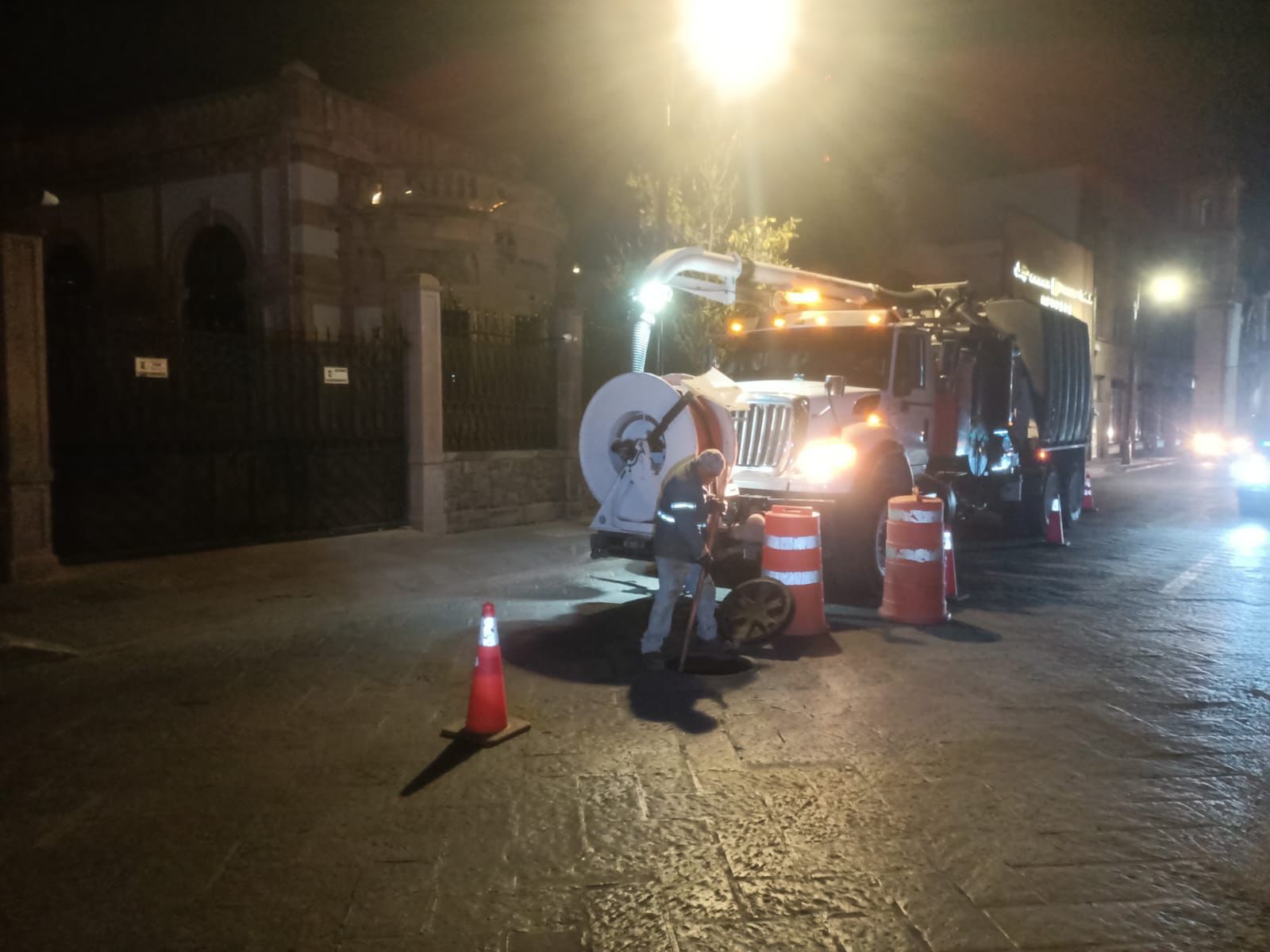 SLP.– Durante las jornadas nocturnas de limpieza en el Centro Histórico por la próxima temporada vacacional, personal de INTERAPAS retiró varios tapones de grasa vegetal de la red sanitaria en la calle Álvaro Obregón.
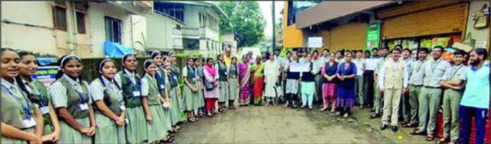 खेड : रोटरी इंग्लिश मीडिअम स्कूल खेडतर्फे भरणे बाईतवाडी परिसरामध्ये मतदान जनजागृती फेरीचे आयोजन करण्यात आले. सकाळी १०.३० वाजता मतदान जनजागृती रॅलीला सुरुवात झाली. यामध्ये रोटरी स्कूलमधील इ. ९ वीतील विद्यार्थी सहभागी झाले होते.
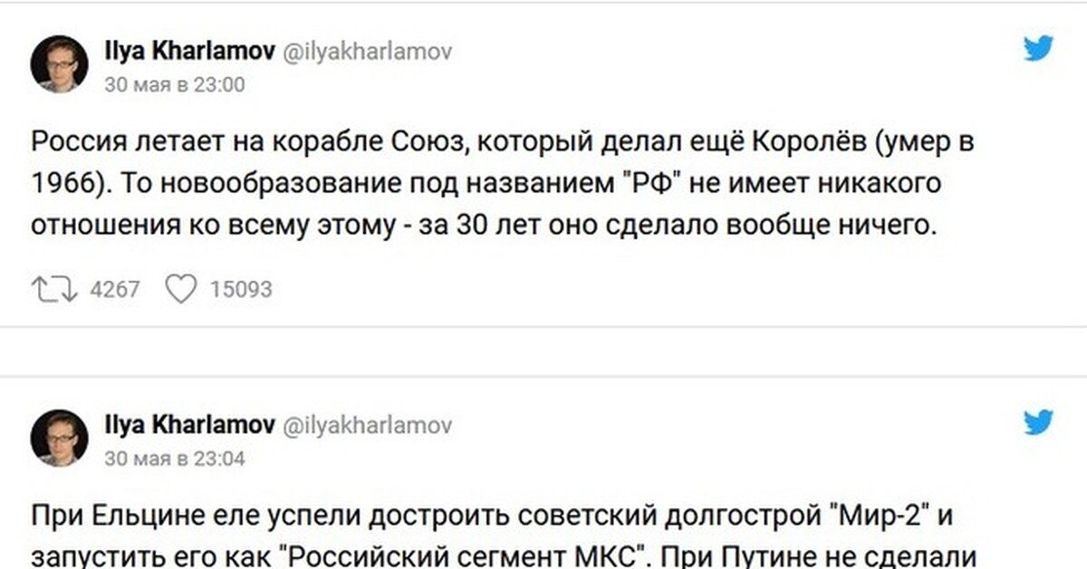 По интернету гуляют Твиты некоего Ильи Харламова, бывшего инженера, работавшего в центре им. Хруничева. Там под два десятка твитов, найти можно на любом паблике про космос, думаю все уже видели. Наверное, многие "патриоты" скажут, что он обиженка, предатель Родины (Рогозин об инженерах, уехавших на запад, пишет под тегом #власовцы ). Про патриотизм и псевдопатриотизм напишу отдельно, что для страны хорошо и что плохо, кто ей друг, кто враг, а кто оказывает медвежьи услуги. Отрицание проблем в собственной стране - это признак псевдопатриотизма. Ведь непризнанную проблему никто никогда решать не будет. Напишите в комментарии, считаете ли вы верным, что в российских предприятиях космической отрасли гора проблем, или думаете, что всё хорошо и отлично, а это западные "тявки" на нас наговаривают. Пишите, мне реально интересно, из кого состоит моя аудитория. А я от себя дополню посты Ильи Харламова, ибо сам имею опыт работы на подобном Хруничеву предприятии. Развал советской системы образован

[Exercise brief]
The result is an exact copy of the lines from the one holding "खेड : रोटरी" through the final line of the data above, both ends included, minus the pictures.

[Solution to this exercise]
 खेड : रोटरी इंग्लिश मीडिअम स्कूल खेडतर्फे भरणे बाईतवाडी परिसरामध्ये मतदान जनजागृती फेरीचे आयोजन करण्यात आले. सकाळी १०.३० वाजता मतदान जनजागृती रॅलीला सुरुवात झाली. यामध्ये रोटरी स्कूलमधील इ. ९ वीतील विद्यार्थी सहभागी झाले होते.
 По интернету гуляют Твиты некоего Ильи Харламова, бывшего инженера, работавшего в центре им. Хруничева. Там под два десятка твитов, найти можно на любом паблике про космос, думаю все уже видели. Наверное, многие "патриоты" скажут, что он обиженка, предатель Родины (Рогозин об инженерах, уехавших на запад, пишет под тегом #власовцы ). Про патриотизм и псевдопатриотизм напишу отдельно, что для страны хорошо и что плохо, кто ей друг, кто враг, а кто оказывает медвежьи услуги. Отрицание проблем в собственной стране - это признак псевдопатриотизма. Ведь непризнанную проблему никто никогда решать не будет. Напишите в комментарии, считаете ли вы верным, что в российских предприятиях космической отрасли гора проблем, или думаете, что всё хорошо и отлично, а это западные "тявки" на нас наговаривают. Пишите, мне реально интересно, из кого состоит моя аудитория. А я от себя дополню посты Ильи Харламова, ибо сам имею опыт работы на подобном Хруничеву предприятии. Развал советской системы образован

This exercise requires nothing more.